Hmm that's interesting. I keep hearing mixed opinions on the 1.6


----------



## breney (May 7, 2014)

I've driven a couple of 1.9's, can't remember the bhp, but think they were maybe 120. They're very lively. Put your foot down and you went somewhere


----------



## Trip tdi (Sep 3, 2008)

The 105 has plenty on of kick when needed, it's smooth and refined on the power delivery and engine quietness they do not stall; I have driven this car few times and did not experience much lag the torque is there when needed.
Even the 1.4 reaches 70 mph with no hesitation on the revs and engine note, I would go for 105 great engine and top car I would drive one for a longer period and see how you do, take it ups hills and see the power delivery, when you buy one fill some v power diesel with a few shots of ecomax this will refine the engine even further on the burn and you will experience less turbo lag, the engine will be smoother on the throttle response.


----------



## nichol4s (Jun 16, 2012)

Trip tdi said:


> The 105 has plenty on of kick when needed, it's smooth and refined on the power delivery and engine quietness they do not stall; I have driven this car few times and did not experience much lag the torque is there when needed.
> Even the 1.4 reaches 70 mph with no hesitation on the revs and engine note, I would go for 105 great engine and top car I would drive one for a longer period and see how you do, take it ups hills and see the power delivery, when you buy one fill some v power diesel with a few shots of ecomax this will refine the engine even further on the burn and you will experience less turbo lag, the engine will be smoother on the throttle response.


Don't stall you say??

http://www.vwaudiforum.co.uk/forum/showthread.php?93551-Stalling


----------



## breney (May 7, 2014)

Looking at the spec sheet, the diesel has more torque than the petrol I have currently, 100nm more. It's the same torque as was in the 1.9 (105)


----------



## Franzpan (Mar 2, 2009)

1.6 Golf is pretty good. Not sluggish at all. Enough torque to make it feel punchy and will overtake a slower vehicle no problem.


----------



## Trip tdi (Sep 3, 2008)

Very Bizarre  I have driven a few with the same engine and have never have stalled one, just drive it like a normal car and the engines fine when pulling away from junctions and standing pull away on hills.


----------



## GleemSpray (Jan 26, 2014)

Trip tdi said:


> Very Bizarre  I have driven a few with the same engine and have never have stalled one, just drive it like a normal car and the engines fine when pulling away from junctions and standing pull away on hills.

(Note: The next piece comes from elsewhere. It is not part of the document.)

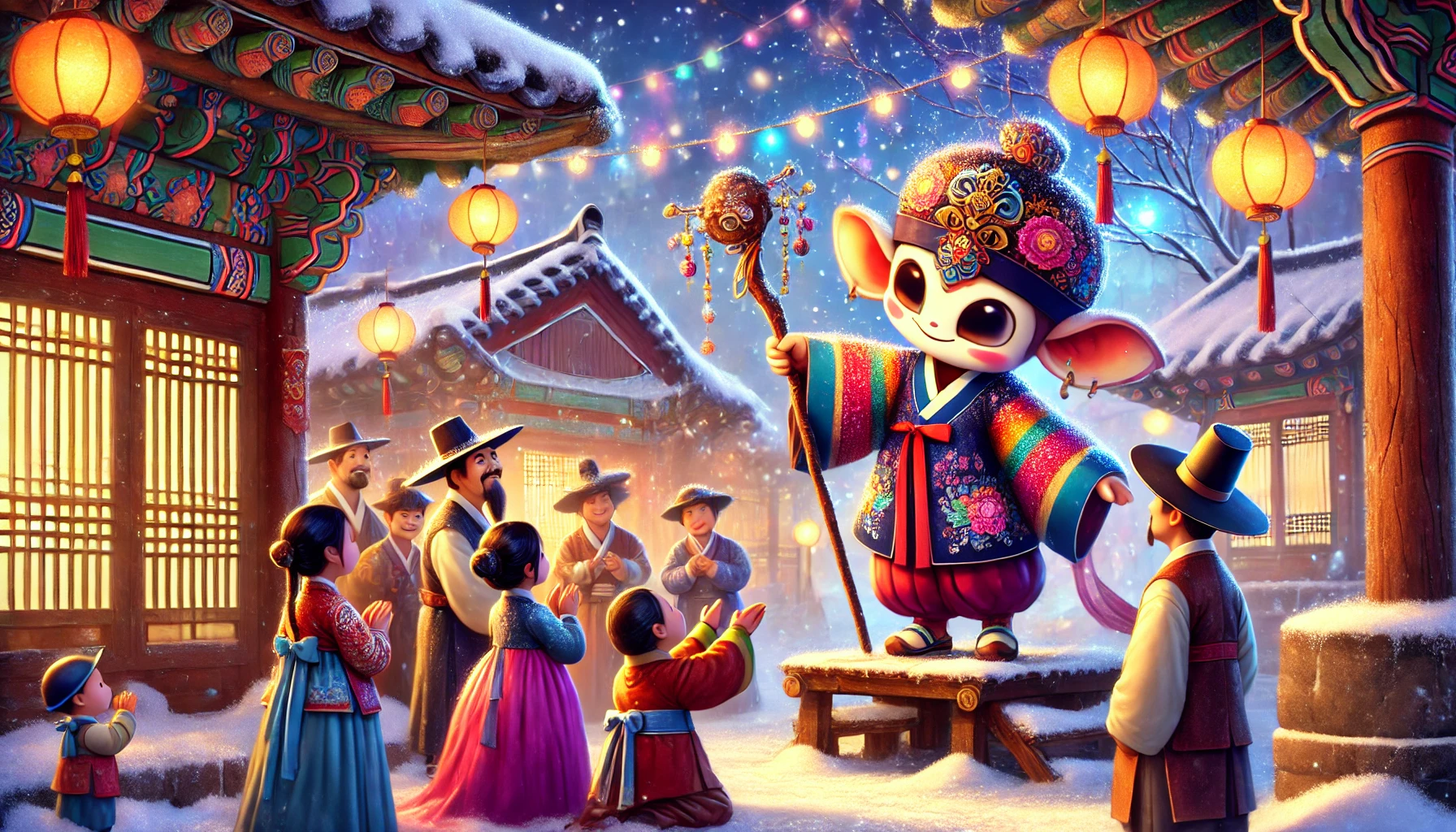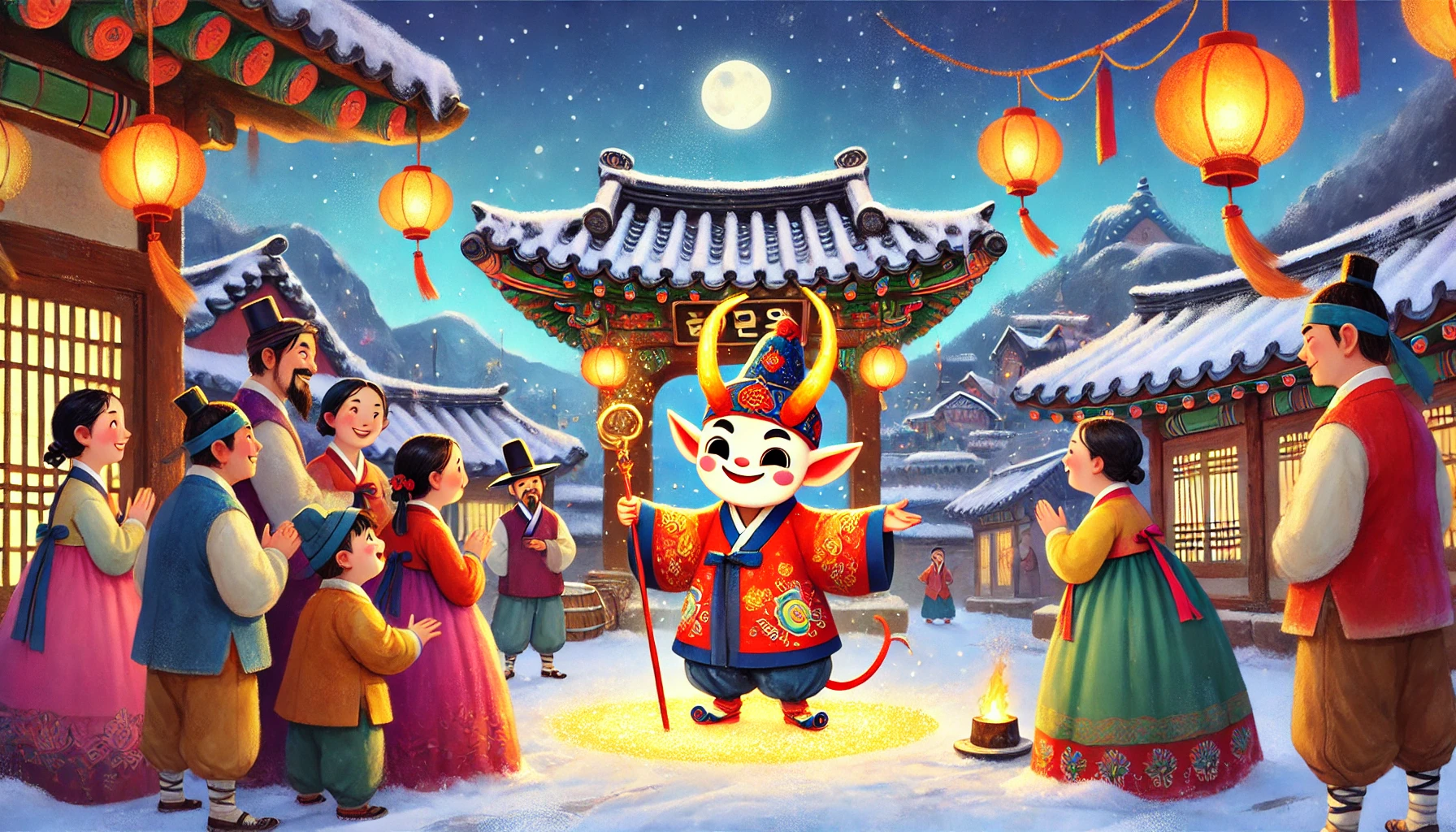 조선시대의 외딴 마을에 나타난 도깨비! 새해를 맞이한 마을 사람들에게 놀라운 새해 인사를 전하며 이루어진 기적 같은 이야기. 도깨비가 전하는 따뜻한 축복과 그 속에 숨겨진 교훈을 따라가 보세요.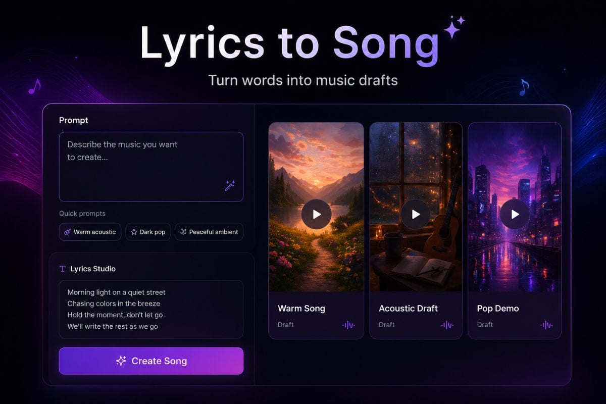從您的歌詞、詩句、片段或粗略的想法開始,將其轉換為帶有人聲、旋律、節奏、伴奏音樂和編曲的完整歌曲草稿。AI 音樂生成器 幫助您從紙上的文字轉變為可聆聽的曲目,讓您快速了解您的歌詞是否適合作為一首真正的歌曲。

 I have never had any problems with stalling at all in over a year of ownership.

BTW - as a test today, I found an empty bit of road whilst out and tested my Golf Mk6 1.6TDI (105), phew !, to see where the perceived lack of power was.

Its done just over 20,000 miles and is fuelled by Shell V-power diesel.

On a flat road, there is moderate power up to 1400 revs, then the turbo pulls strongly.

If you are in 3rd gear or above and put your foot down at less than 1400 revs, then there is a slight hesitation / Turbo lag for a second or so until it hits exactly 1400 revs on the clock and it then pulls strongly.

1st or 2nd gear you really don't notice it and the car pulls away strongly. You can pull away comfortably from a standstill with just over 1000 revs on the clock.

I think the issue here is that people used to bigger engine diesels will know that some will pull strongly from almost tickover and it is nigh on impossible to stall them. This 1.6 Golf is like a smaller engine petrol car in that it needs * a little * revs to pull away cleanly.

Anyone who suggests that the 1.6TDi Golf has a * real problem * with stalling must be, frankly, a poor or inexperienced driver.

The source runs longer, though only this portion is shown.